I've been kind of lost today. Unsure of myself. Without direction. And anxious.
Today is my dad's birthday. I have been unable to decide how to deal with it. I feel like I should make some kind of contact to let him know I remembered. I really don't want to see him. It's impossible to buy him anything.
Today I wished I lived far away. That way I could send a birthday card and that would be enough.
I'm afraid to initiate contact because I don't want a conversation. I don't want two-way communication.
I spent the whole day trying to decide what to do. Until I noticed at about 11:00 tonight that it was too late.
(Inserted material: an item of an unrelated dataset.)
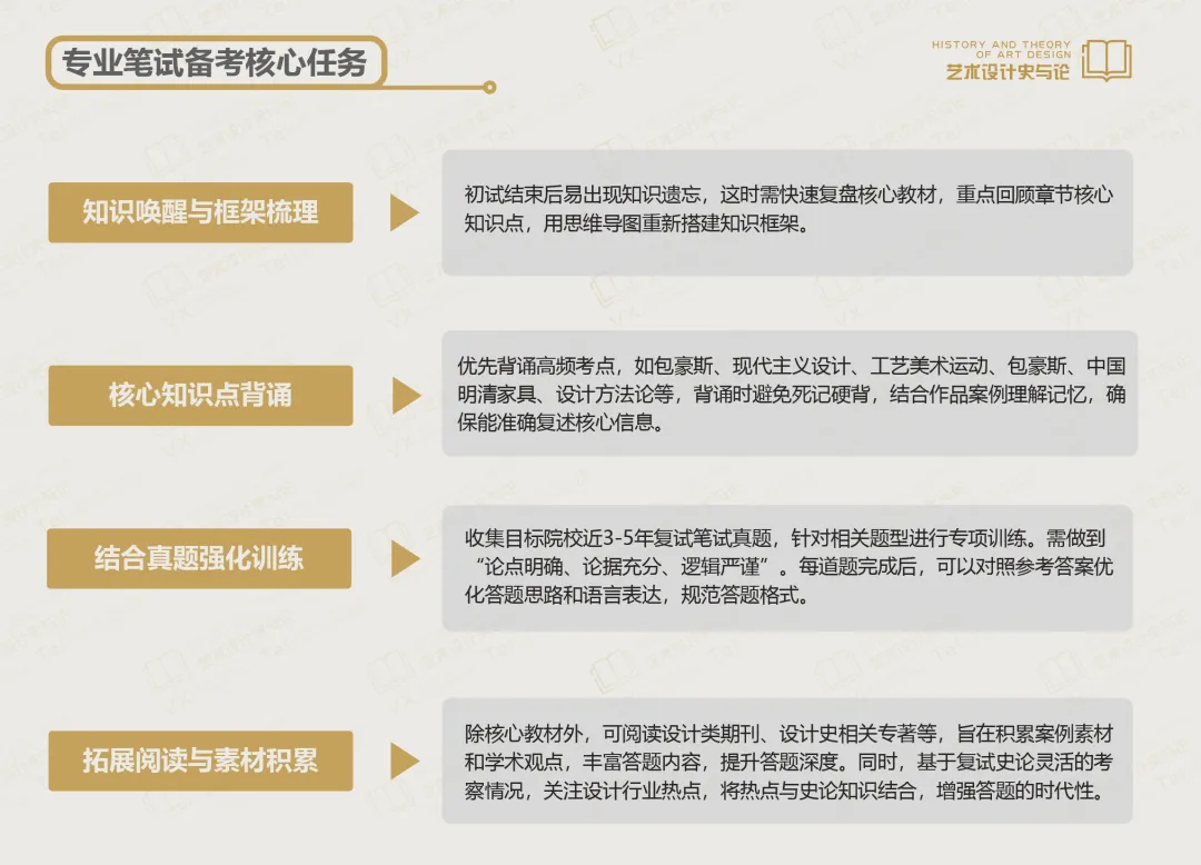 总之,设计考研史论笔试绝非知识点的简单堆砌,而是对考生知识应用、逻辑构建与学术表达能力的综合考察,而这三大能力的核心支撑,恰恰是史论拓展的深度与广度。因此,建议大家在紧扣目标院校考察重点的前提下,务必以史论拓展为核心抓手,在循序渐进的备考中逐步形成兼具深度与广度的专属答题思维,真正实现从 “记知识点” 到 “用知识点” 的能力跃升!
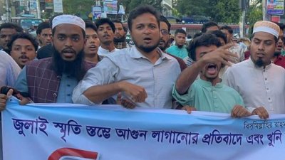 ফেনীতে জুলাই স্মৃতিস্তম্ভে আগুন, প্রতিবাদে বিক্ষোভ

By not making a choice, I guess I kind of did. I did not make contact.
I wrote happy birthday on his facebook wall. That doesn't really count though because he doesn't check it.
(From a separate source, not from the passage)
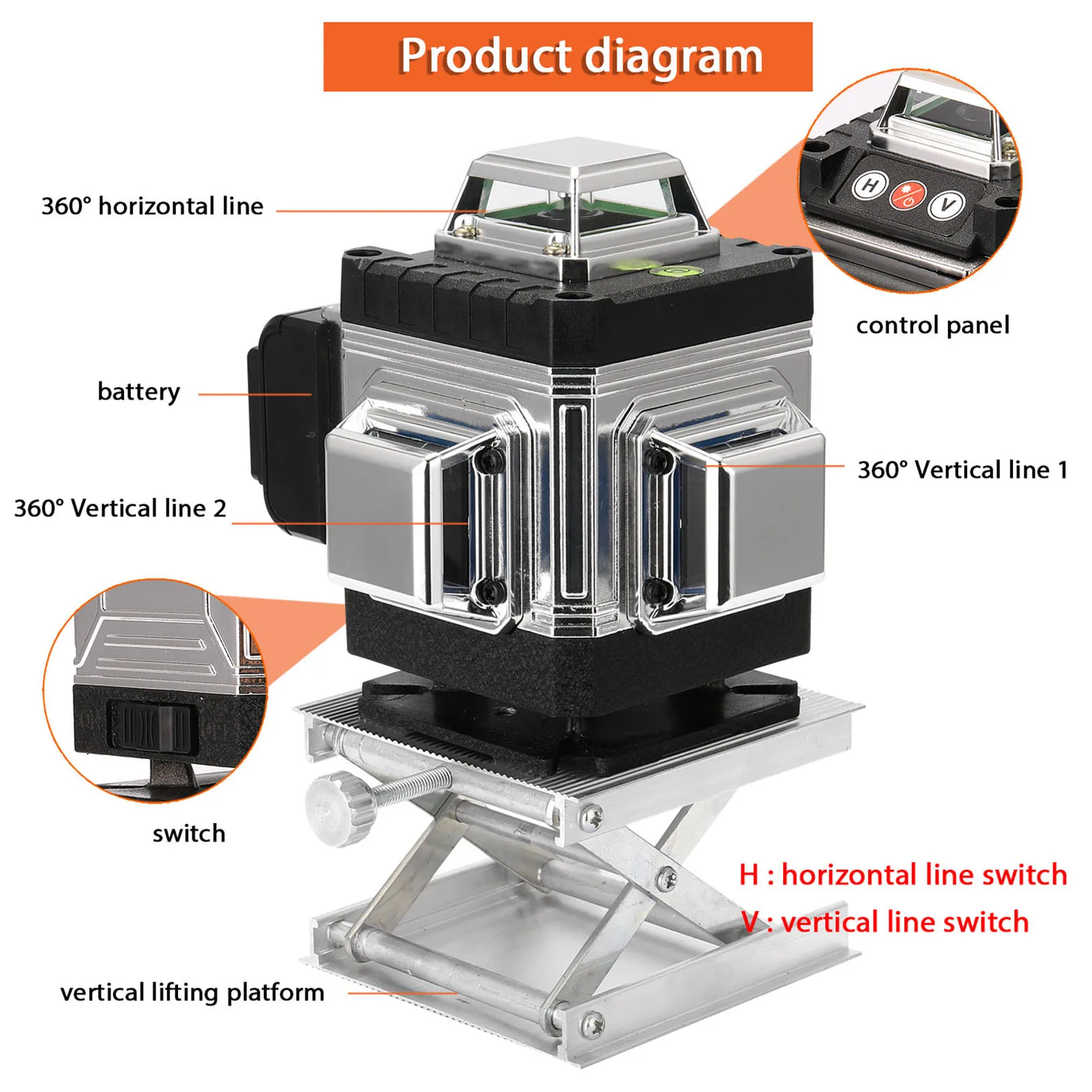 Это своего рода инструмент высокого качества, 4D 16 линий для более точного позиционирования, с самонивелирующейся системой, гибкостью и стабильностью. С вертикальными и горизонтальными лазерными линиями, удобство в использовании. Идеально подходит для различных видов применения, включая напольное покрытие, плитку, обшивку, обшивку стен, обшивку стенок, обшивку, отделку столярных изделий, розетку и раскладку переключателей, обшивку стен и установку перегородок. Вы можете попробовать.

I'm thinking maybe an apologetic "Sorry I missed your birthday; I hope it was a good one" text tomorrow. I know it sucks, but it's really all I feel good about and honest in offering right now.
There's a small piece of me that is afraid I'm in trouble. I doubt it because he doesn't feel insulted very often. He'll probably just shrug it off.
But maybe I am in trouble. I guess I won't know until tomorrow.
I'm trying to remember that I'm an adult. Just because he gets upset it doesn't mean I am in trouble or that I've done anything wrong. I'm trying to remember that he doesn't control my life, that he doesn't have the ability to punish me anymore unless I let him.
Now if I could just figure out how to stop letting him.